◆ Task instructions:
Output, exactly as written, the lines below starting at the line containing "Автомобильное зарядное устройство" and ending at the line containing "將帳篷落腳在整排落雨松樹旁". Drop the pictures and keep both end lines.
┌─ Listed records
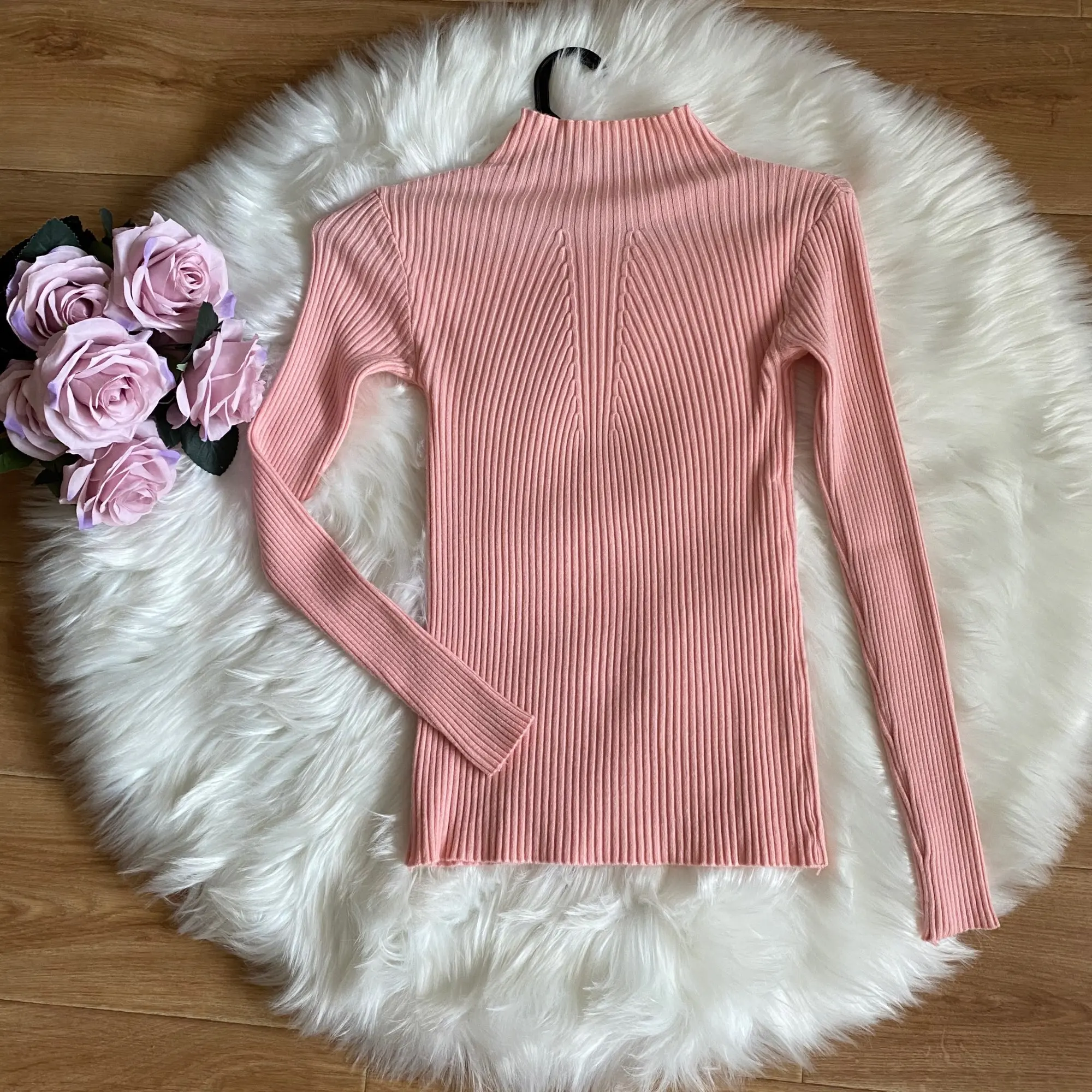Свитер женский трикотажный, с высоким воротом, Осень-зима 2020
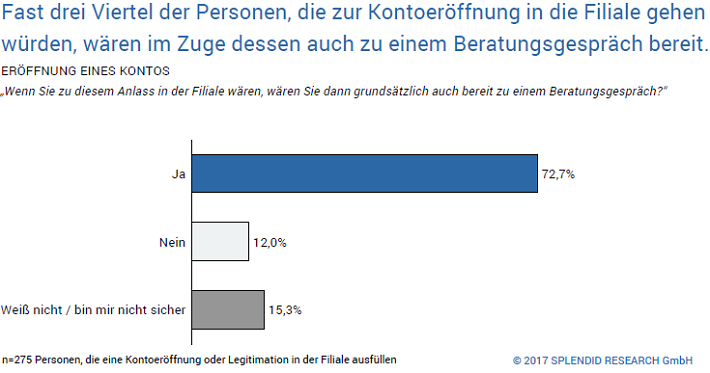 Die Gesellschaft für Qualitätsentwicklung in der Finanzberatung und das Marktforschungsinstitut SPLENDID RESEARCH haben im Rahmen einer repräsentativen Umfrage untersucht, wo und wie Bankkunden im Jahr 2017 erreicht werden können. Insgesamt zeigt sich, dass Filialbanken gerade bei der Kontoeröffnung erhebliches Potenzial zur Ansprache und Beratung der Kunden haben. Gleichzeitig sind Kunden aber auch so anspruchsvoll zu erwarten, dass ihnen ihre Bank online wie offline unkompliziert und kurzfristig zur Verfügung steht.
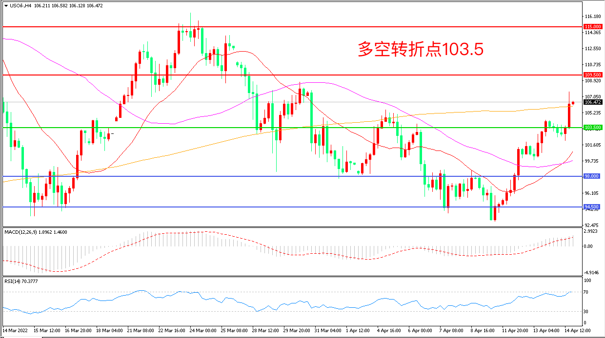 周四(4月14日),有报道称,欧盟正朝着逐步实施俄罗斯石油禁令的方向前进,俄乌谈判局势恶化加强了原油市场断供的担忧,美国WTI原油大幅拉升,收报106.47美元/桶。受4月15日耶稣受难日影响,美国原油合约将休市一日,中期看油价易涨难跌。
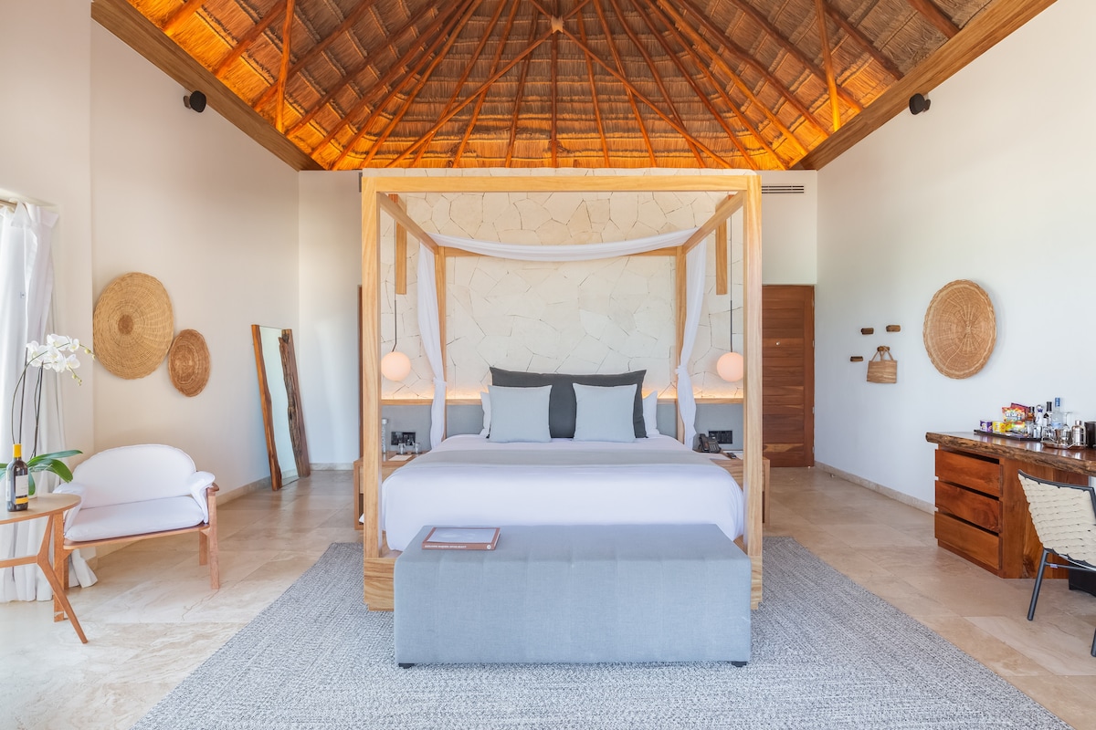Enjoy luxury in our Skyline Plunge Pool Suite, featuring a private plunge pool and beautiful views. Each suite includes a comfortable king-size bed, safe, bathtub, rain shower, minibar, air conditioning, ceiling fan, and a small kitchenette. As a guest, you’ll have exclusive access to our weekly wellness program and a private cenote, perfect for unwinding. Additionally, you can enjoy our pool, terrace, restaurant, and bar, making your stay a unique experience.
└─
┌─ Listed records
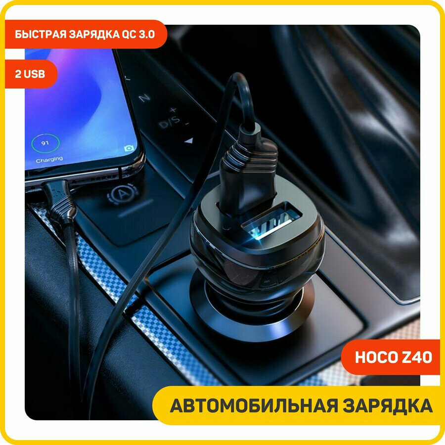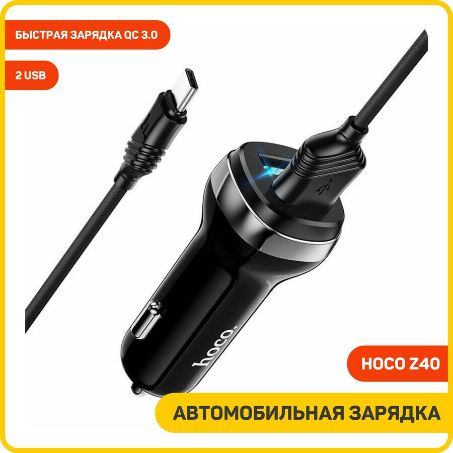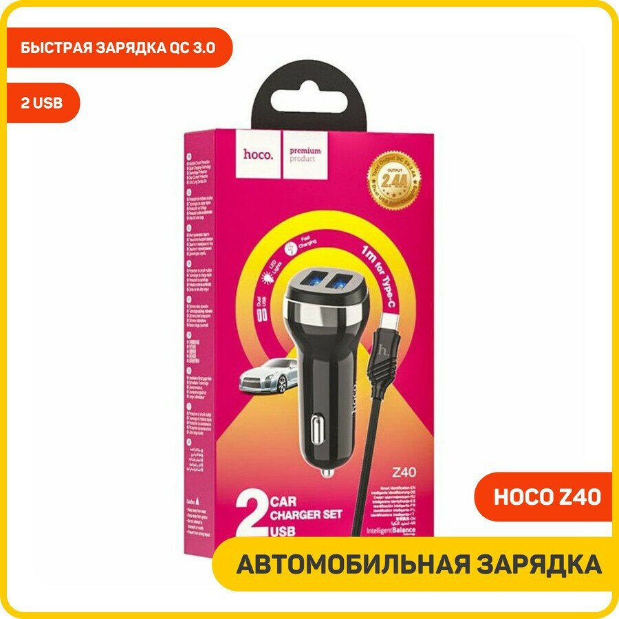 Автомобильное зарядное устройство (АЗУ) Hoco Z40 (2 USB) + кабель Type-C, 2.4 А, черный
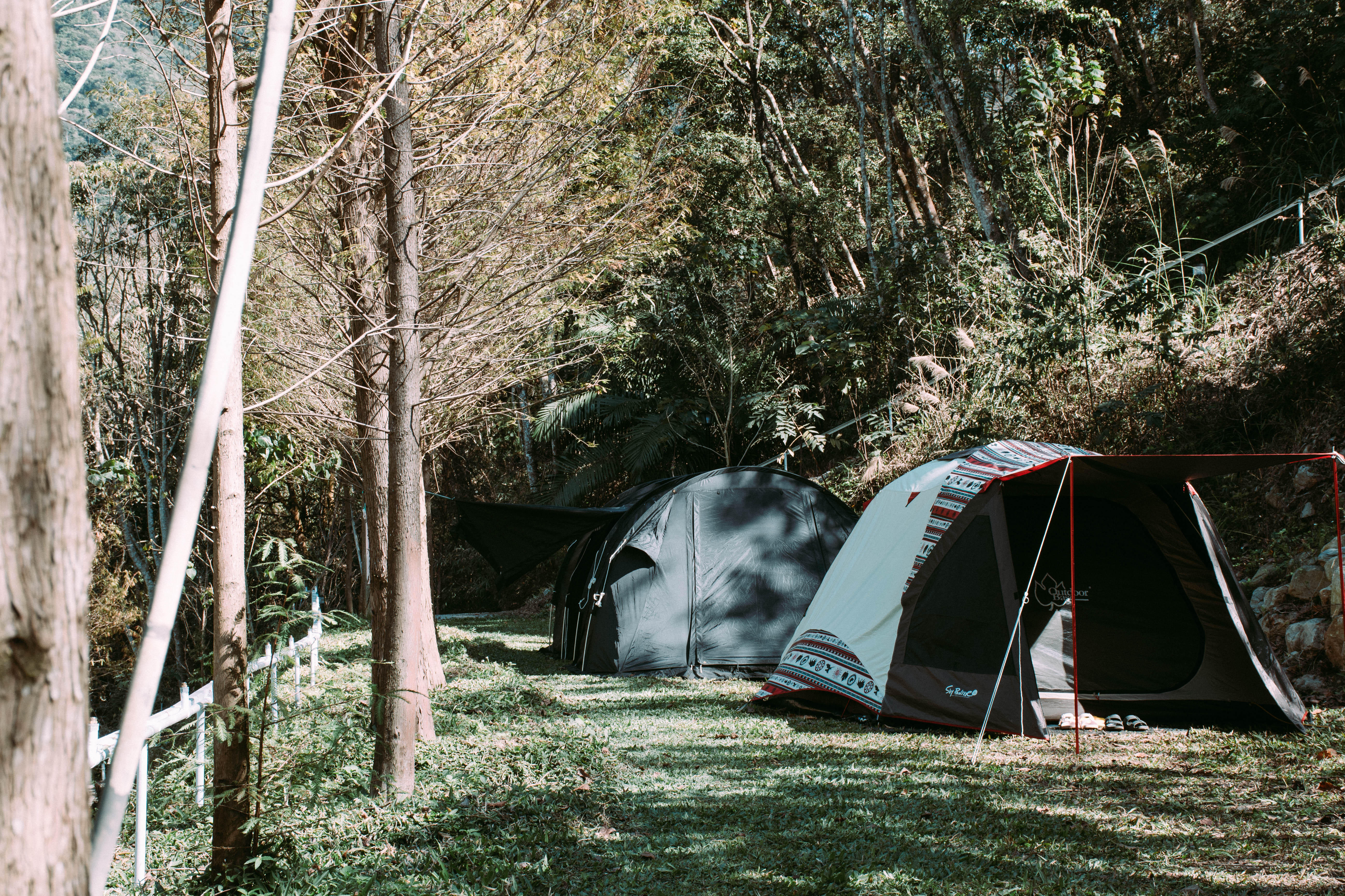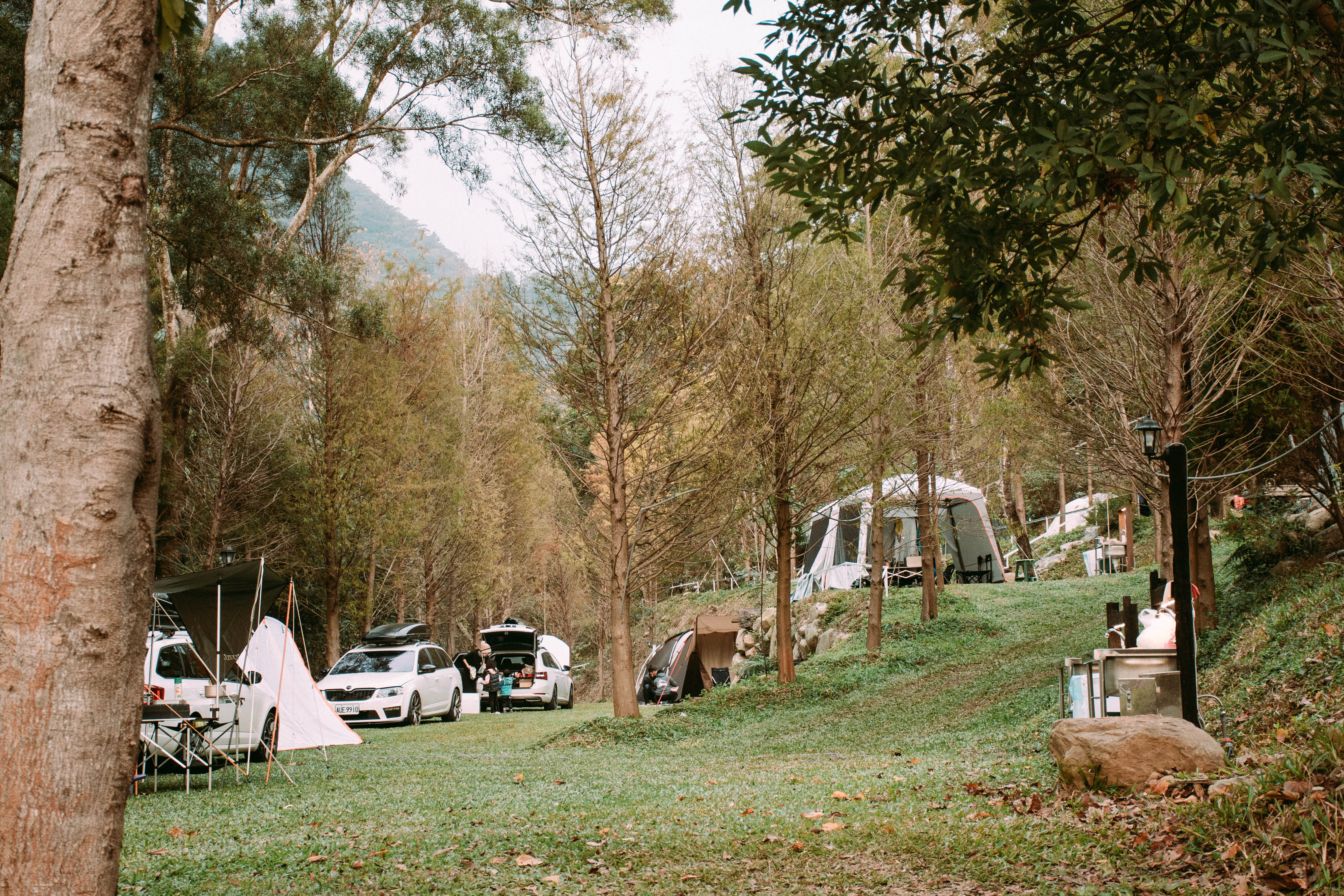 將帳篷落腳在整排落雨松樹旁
└─
┌─ Listed records
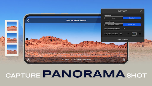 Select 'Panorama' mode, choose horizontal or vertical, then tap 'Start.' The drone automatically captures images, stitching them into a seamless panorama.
└─
◆ Written response:
 Автомобильное зарядное устройство (АЗУ) Hoco Z40 (2 USB) + кабель Type-C, 2.4 А, черный
 將帳篷落腳在整排落雨松樹旁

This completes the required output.